Downtown Kampala, from the top of the Gadaffi Tower

"This is Africa."
I'm not sure when this phrase came into use. It's usually used by non-Africans in response to a situation they wouldn't expect in their home countries. It's kind of like saying "that's how it is, get used to it." Power outages. A new package of batteries that have all been drained of power. Roads that are more pot hole than road. Waiting ages for over-packed public mini-buses to depart. Waiting ages for anything.

What I've realised is that the phrase is never used in a positive context. All of the things I just described are certainly a part of daily life for a large part of this large continent, but they do not alone define Africa.
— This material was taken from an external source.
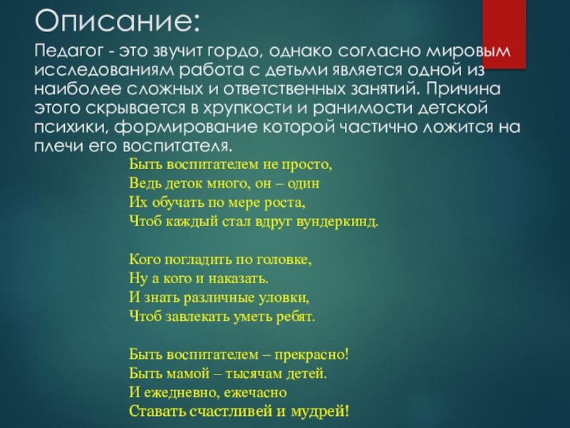 Быть воспитателем не просто,

There are a lot of things that I encounter here as part of daily life in Africa that are actually fun, or amusing, or strangely interesting, or fascinating, or awesome. And sometimes those things that people find frustrating are great lessons in questioning what our expectations are, why they are such, and if they actually benefit us.
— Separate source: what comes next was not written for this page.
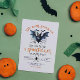 Get your spook on; spooktacular Halloween party invitation featuring a black and blue bat graphic with retro Halloween party typography on a white background.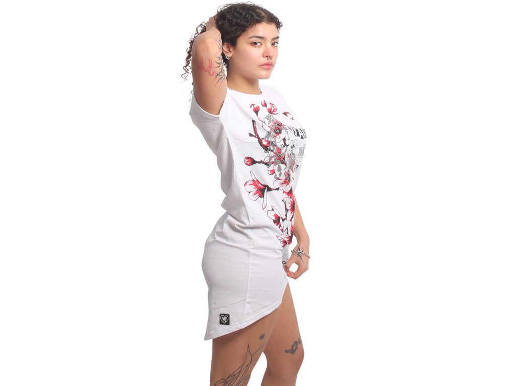 Štýlové dámske šaty Yakuza HANAMI v podobe pohodlného tričkového modelu ideálneho na každodenné nosenie v bielej farbe. Šaty majú ležérny strih – nie sú príliš úzke ani príliš voľné, takže sedia presne tak akurát. Disponujú okrúhlym výstrihom, krátkymi rukávmi a zaobleným spodným lemom, ktorý je v zadnej časti mierne predĺžený. Dizajn dopĺňa výrazná vintage potlač a logo etiketa na bočnom šve, ktoré podčiarkujú typický streetwear charakter značky Yakuza.

So, I'm re-activating this blog (it's been over a year since my last post, and they have been very infrequent for much longer) in a project to reclaim and redefine the phrase "This is Africa." I didn't move here because I love it when the power unexpectedly goes out for anywhere from 5 minutes to 5(+) hours, or that it goes out every time it rains, or because I prefer my roads gouged and bumpy, or because I've always wanted to hear someone say on the phone "I'm coming" and have no idea what-so-ever when they will show up. More importantly--very, very importantly--I did not move here so I could "fix" it. Sure there are problems, everywhere in the world there are problems. I think that I have something to offer to help people live happier, healthier lives, but I believed that to be true in Colorado too, and that's what I want for my life no matter where I am.

I moved here because there is beauty and laughter and creativity and a whole lifestyle which has benefits that, for me, outweigh the frustrations. We all have frustrations, no matter where we live in the world. Africa is more than frustrations, war, poverty, and chaos! Let me show you.